Reference: ICMR 2017 §11.7; NIST SP 800-188 §5.
"""
from __future__ import annotations
import logging
from collections.abc import Iterable, Mapping
from dataclasses import dataclass
from typing import Any
logger = logging.getLogger(__name__)
__all__ = [
"KAnonResult",
"LDiversityResult",
"kanon_check",
"l_diversity_check",
"mask_small_cell",
"suppress_small_cells",
]
_DEFAULT_K = 5
_SUPPRESSED_LABEL = "<5"
[docs]
@dataclass(frozen=True, slots=True)
class KAnonResult:
"""Outcome of a k-anonymity check.
``blocked`` is ``True`` when at least one equivalence class is
smaller than *k*. ``smallest_class_size`` reports the minimum
class size observed (or 0 when no classes were supplied).
``violating_keys`` is a sorted tuple of equivalence-class keys
whose size is below the threshold; each key is a string form of
the quasi-identifier tuple, safe to log.
"""
blocked: bool
smallest_class_size: int
violating_keys: tuple[str, ...]
def _key_to_str(key: tuple[Any, ...]) -> str:
return "|".join("" if v is None else str(v) for v in key)
[docs]
def kanon_check(
rows: Iterable[Mapping[str, Any]],
*,
quasi_identifiers: tuple[str, ...],
k: int = _DEFAULT_K,
) -> KAnonResult:
"""Return a :class:`KAnonResult` for the given rows + quasi-identifiers.

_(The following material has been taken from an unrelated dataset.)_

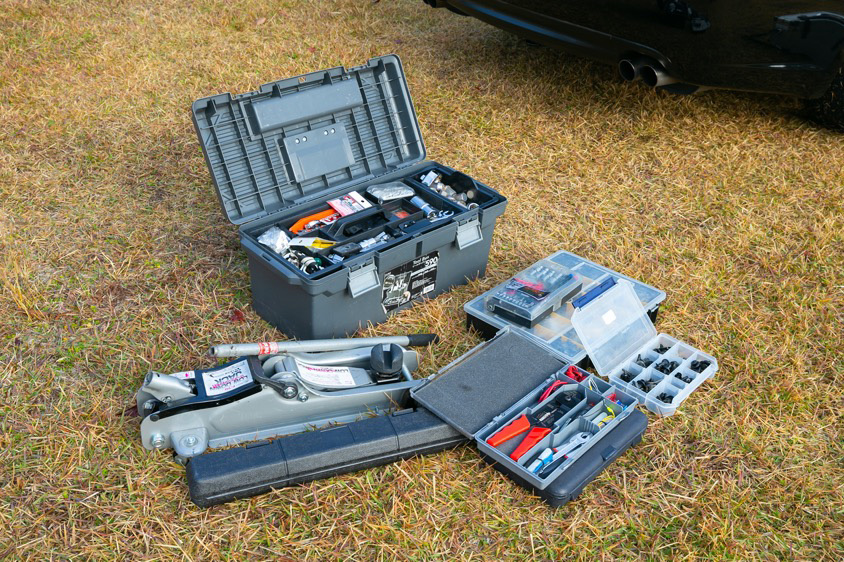 そしてもうひとつ、カメラ関連以外に必ず持っていくのが、油圧ジャッキやトルクレンチ、電装工具などクルマの工具一式。

Does NOT mutate *rows*. Counts equivalence classes by the tuple of
quasi-identifier values; any class with size < *k* marks the result
as ``blocked``. An empty input returns ``blocked=False`` with zero
class size — caller decides whether empty is permitted.
"""
if k < 1:
raise ValueError(f"k must be >= 1, got {k}")
if not quasi_identifiers:
raise ValueError("quasi_identifiers must be non-empty")
counts: dict[tuple[Any, ...], int] = {}
for row in rows:
key = tuple(row.get(col) for col in quasi_identifiers)
counts[key] = counts.get(key, 0) + 1
if not counts:
return KAnonResult(blocked=False, smallest_class_size=0, violating_keys=())
smallest = min(counts.values())
violating = sorted(_key_to_str(key) for key, size in counts.items() if size < k)
blocked = smallest < k
if blocked:
logger.warning(
"kanon_check: smallest class %d < k=%d (%d violating equivalence classes)",
smallest,
k,
len(violating),
)
return KAnonResult(
blocked=blocked,
smallest_class_size=smallest,
violating_keys=tuple(violating),
)
[docs]
@dataclass(frozen=True, slots=True)
class LDiversityResult:
"""Outcome of an l-diversity check.
A row set passes l-diversity (l ≥ 2) when every equivalence class
(defined by the quasi-identifier tuple) contains at least *l*
distinct values for each sensitive attribute. l = 2 is the
smallest meaningful threshold; higher values resist homogeneity
attacks more strongly.
``blocked`` is ``True`` when at least one (class, sensitive_attr)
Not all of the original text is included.